Every line of the listing below should come back exactly as written, with no images.

- GIVEN INFORMATION:
------------

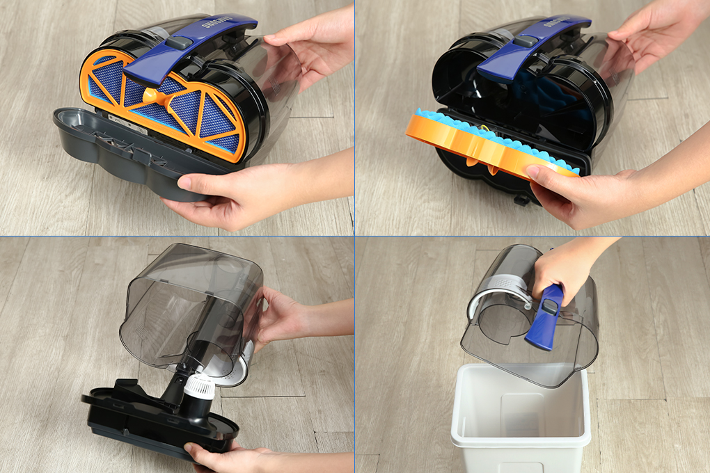 Tối ưu hóa lực hút: Thiết kế hộp chứa bụi ngăn đôi giúp hạn chế tối đa việc tràn bụi và tránh chặn đường hút của không khí ở ngăn trong.
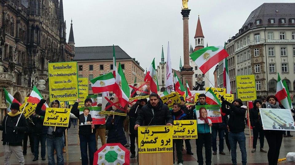 في أعقاب دعوة ممثل المجلس الوطني للمقاومة الايرانية لعقد مظاهرات احتجاجية في ساحة ماربن بلاتش في ميونخ ضد مشاركة وزير خارجية النظام الايراني جواد ظريف في المؤتمر الامني في ميونیخ فی یوم الجمعة ١٦ فبراير ٢٠١٨ أعرب المتظاهرون عن تضامنهم مع الانتفاضة الشعبية في داخل ايران وطالبوا بإخراج جواد ظريف من مؤتمر ميونيخ.
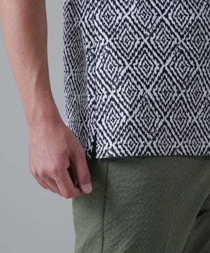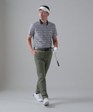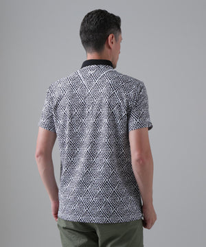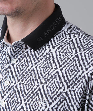 ベースに変則ダイヤ柄とSt ANDREWS のロゴ柄を表現した、SPXダイヤプリント半袖ポロシャツ。

------------

- REPLY:
 Tối ưu hóa lực hút: Thiết kế hộp chứa bụi ngăn đôi giúp hạn chế tối đa việc tràn bụi và tránh chặn đường hút của không khí ở ngăn trong.
 في أعقاب دعوة ممثل المجلس الوطني للمقاومة الايرانية لعقد مظاهرات احتجاجية في ساحة ماربن بلاتش في ميونخ ضد مشاركة وزير خارجية النظام الايراني جواد ظريف في المؤتمر الامني في ميونیخ فی یوم الجمعة ١٦ فبراير ٢٠١٨ أعرب المتظاهرون عن تضامنهم مع الانتفاضة الشعبية في داخل ايران وطالبوا بإخراج جواد ظريف من مؤتمر ميونيخ.
 ベースに変則ダイヤ柄とSt ANDREWS のロゴ柄を表現した、SPXダイヤプリント半袖ポロシャツ。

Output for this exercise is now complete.